Here's the crazy thing, though: When I do a full-chip compile with 16 cogs on the Cyclone V -A9 device, the critical paths become flop-to-flop interconnect delays, with no logic in-between. These paths connect the hub RAMs' inputs and the CORDIC's results. I think on the ASIC, this wiring delay won't be such a problem. These paths lower the full-chip Fmax to ~82MHz on the -A9. We'll probably just run it at 80MHz on the FPGA, then. I'm sure we could go to 100MHz, too, without any problems, given likely workbench temperatures.
I have paved the way for adding the block-r/w instructions and will add them next. The big impediment to implementation is out of the way, so it should be easy.
Here is a big question for you guys:
We are planning on this:
16 cogs w/ 512KB hub RAM
If things turn out overly-big silicon-wise, and we need to reduce the chip size, which of the following would be better?
16 cogs w/256KB hub RAM, lots of cogs and less RAM
-or-
8 cogs w/512KB hub RAM, fewer cogs and faster memory access
Hopefully, we can get it all in there. With 16 of these new cogs, we are using about 60% of the logic that only 8 of the P2-Hot cogs would have required.
John Abshier
8 cogs should also simplify the cog<>pin muxing
Currently 512KB would be a minimum. There are now lots of chips with this RAM plus additional Flash. Two years ago 128KB was possibly acceptable.
However, with a more powerful P2, I tend to think more than 8 cogs would be extremely useful.
I presume it's not possible to go down to the next lower geometry given the time the P2 has taken???
This is a pretty solid argument. And from what I understand of the new interrupt scheme and hubex (which would see better performance in jumps, btw), 8 cogs are pretty effective. Then when you also consider hub<->pin throughput, fast P2-to-P2 comms would be a viable solution for those who need more than 8 cogs.
We've made the COGS really useful again. Seems like this dilemma comes up at some level of COG utility.

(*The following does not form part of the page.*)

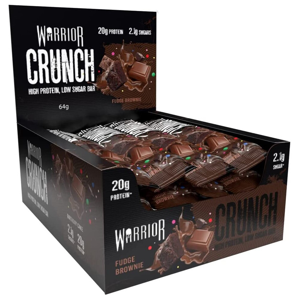 Warrior, CRUNCH - High Protein Bars - 20g Protein Each Bar - 12 Pack x 64g, Fudge Brownie
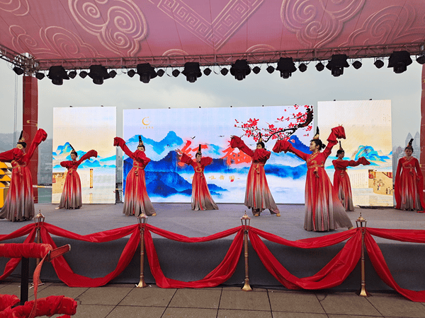 午宴及下午时段,活动精彩纷呈。舞蹈《龙腾盛世》《红袖霓裳羽衣舞》、歌曲《江山无限》、汉服走秀《中国红》等节目轮番上演,传统文化与现代艺术碰撞交融;《爻爻看·好运来》红包互动、“百业同影·万象更新”商家星光大道等环节,让现场嘉宾沉浸式参与,尽显热闹氛围;品美食、写春联、领福袋、偶遇趣味NPC等互动体验,更让爻里小镇的文化底蕴与烟火气息深入人心。

I also vote, in advance of the question, to be conservative with the Smart Pins. There will be some things we need them to do, so that has to get done. But if it comes down to the pins trumping COGS and RAM? Make them a little less smart.
In other words, once the COGS and RAM are a lock, let's make sure they stay locked and live with what's left for Smart Pins.
As long as it's not gonna end up hot, and we don't end up doing this again, I'm good either way any of this goes, as long as it means we get a chip this go around.
I'm itching to see how well HubExec works with the 16-way egg beater latencies. But I'd not want to sacrifice the RAM just to see that.
Internal routing looks easier with 12 than with 16 anyway.